• A patient will be eligible for inclusion in this study if she meets all of the following criteria:

‣ Female patients ≥18 years of age

⁃ Have a diagnosis of metastatic TNBC previously treated with standard anthracycline, cyclophosphamide, and taxane chemotherapy, unless there was a contraindication to doxorubicin, in which case prior treatment with this agent is not required. NOTE: TNBC defined as ER-negative tumors with \< or = 10% tumor nuclei immunoreactivity, or ER Low Positive as defined by the updated ASCO/CAP guidelines 2020.

⁃ Have not received more than 3 prior chemotherapy regimens for metastatic disease. Prior platinum and/or taxane therapy in the adjuvant or metastatic setting is permitted.
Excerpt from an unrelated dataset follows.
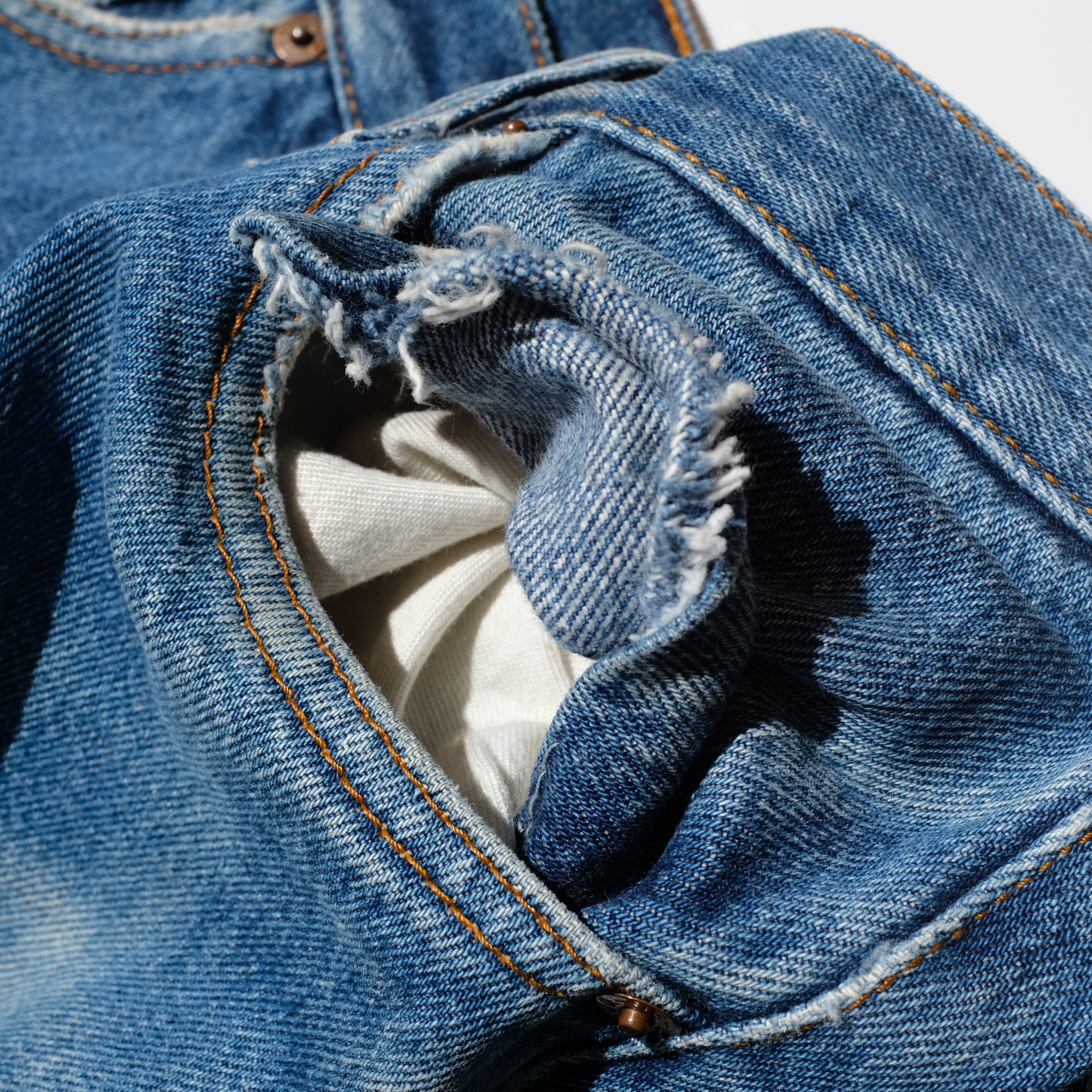 内股シングルモデルといわれる赤耳直後の個体。もはやこのあたりはヴィンテージと呼べるでしょうか。うっすらとついたヒゲやフロントのヨゴレなど、穿きこまれた雰囲気が魅力的です。やはりそれ以降の年代のものとは違ったインディゴのカラーに説得力を感じますね。お好きな方、是非ご検討ください。

⁃ Have locoregional (eg, breast, chest wall, regional lymphatic) or pulmonary or hepatic metastatic disease that is amenable to core needle biopsy. If a research biopsy from a patient's metastatic disease cannot be safely obtained, a skin biopsy is permitted. If a skin biopsy cannot be safely obtained, patients may still be eligible, per physician discretion.

⁃ Have an Eastern Cooperative Oncology Group (ECOG) performance status of 0-1 (See Appendix I)

⁃ Have adequate hematologic function, defined by:

• Absolute neutrophil count (ANC) \>1500/μL

∙ Platelet count ≥100,000/μL

∙ Hemoglobin ≥9 g/dL or ≥5.6 mmol/L

⁃ Have adequate liver function, defined by:

• AST and ALT ≤2.5 x the upper limit of normal (ULN) or ≤5 x ULN in presence of liver metastases

∙ Total bilirubin ≤1.5 x ULN OR direct bilirubin ≤ULN for patients with total bilirubin levels \>1.5 × ULN

⁃ Have adequate renal function, defined by:

‣ a. Serum creatinine ≤1.5 x ULN or calculated creatinine clearance of ≥30 mL/min

⁃ Have adequate coagulation function, defined by:

• International Normalized Ratio (INR) OR prothrombin time (PT) and activated partial thromboplastin time (aPTT) ≤1.5 × ULN.

∙ If patient is receiving anticoagulant therapy, PT or aPTT must be within therapeutic range of intended use of anticoagulants.

‣ Patients who have a history of brain metastasis are eligible for the study provided that all the following criteria are met:

⁃ Brain metastases which have been treated

• Off-treatment with steroids for 2 weeks before administration of the first dose of bortezomib

• No ongoing requirement for dexamethasone or anti-epileptic drugs

• No clinical or radiological evidence of progression of brain metastases

‣ Patient must be accessible for treatment and follow-up.

‣ All patients must be able to understand the investigational nature of the study and give written informed consent prior to study entry.